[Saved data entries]
------------------------

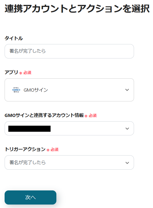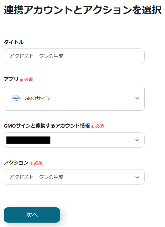 3.GMOサインと連携するアカウントを確認し、「次へ」をクリックします。
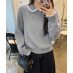 キーワード:ニット セーター レディース クルーネック レース 長袖 無地 ガーリー 韓国ファッション 大人カジュアル
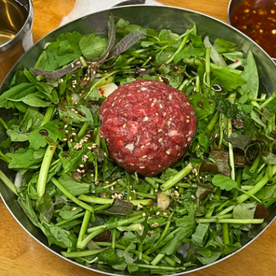 진짜 너무너무 맛있었구 육회비빔밥 아주 좋았어요. 칼국수사리 넣고 고기도 다시 추가해서 먹는데 진한 육수가 술을 계속 들어가게 했습니댜.
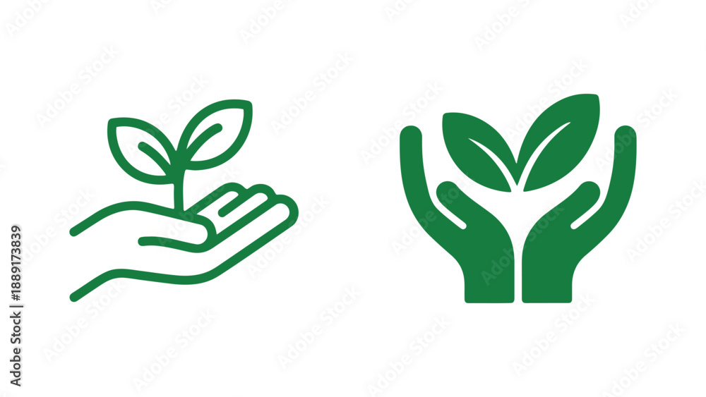 A green icon of hands holding a growing plant symbolizing nature and growth #1889173839
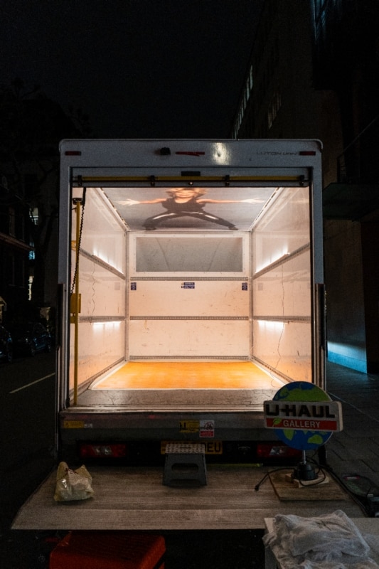 Second, mobility itself becomes an artistic strategy: “Because we are mobile, location becomes a tool for us to speak to the content of the work we are showing. We can dream with the artist not only how the show looks on the inside, but when and where it will be seen. In this way, context is our medium, and the gallery is the vessel to explore it.”
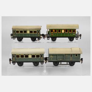 Bauzeit 1947–1954, gemarkt und bezeichnet, Blech lithogr., grün, Spur 0, bestehend aus zwei Personenwagen 1725 und Gepäckwagen 1726, dazu Personenwagen 1727 mit Plattform, alle zweiachsig, mit durchbrochenen Fenstern, beweglichen Türen und hellen Puffern, zwei in orig. Karton mit Firmenetikett (ein Deckel fehlt), min. Alters- und Gebrauchsspuren, ein Wagen nachträglich elektrifiziert, L je 16,5 bzw. 18,5 cm.

------------------------

For every record above, repeat the text exactly and omit any picture.

EXERCISE SOLUTION:
 3.GMOサインと連携するアカウントを確認し、「次へ」をクリックします。
 キーワード:ニット セーター レディース クルーネック レース 長袖 無地 ガーリー 韓国ファッション 大人カジュアル
 진짜 너무너무 맛있었구 육회비빔밥 아주 좋았어요. 칼국수사리 넣고 고기도 다시 추가해서 먹는데 진한 육수가 술을 계속 들어가게 했습니댜.
 A green icon of hands holding a growing plant symbolizing nature and growth #1889173839
 Second, mobility itself becomes an artistic strategy: “Because we are mobile, location becomes a tool for us to speak to the content of the work we are showing. We can dream with the artist not only how the show looks on the inside, but when and where it will be seen. In this way, context is our medium, and the gallery is the vessel to explore it.”
 Bauzeit 1947–1954, gemarkt und bezeichnet, Blech lithogr., grün, Spur 0, bestehend aus zwei Personenwagen 1725 und Gepäckwagen 1726, dazu Personenwagen 1727 mit Plattform, alle zweiachsig, mit durchbrochenen Fenstern, beweglichen Türen und hellen Puffern, zwei in orig. Karton mit Firmenetikett (ein Deckel fehlt), min. Alters- und Gebrauchsspuren, ein Wagen nachträglich elektrifiziert, L je 16,5 bzw. 18,5 cm.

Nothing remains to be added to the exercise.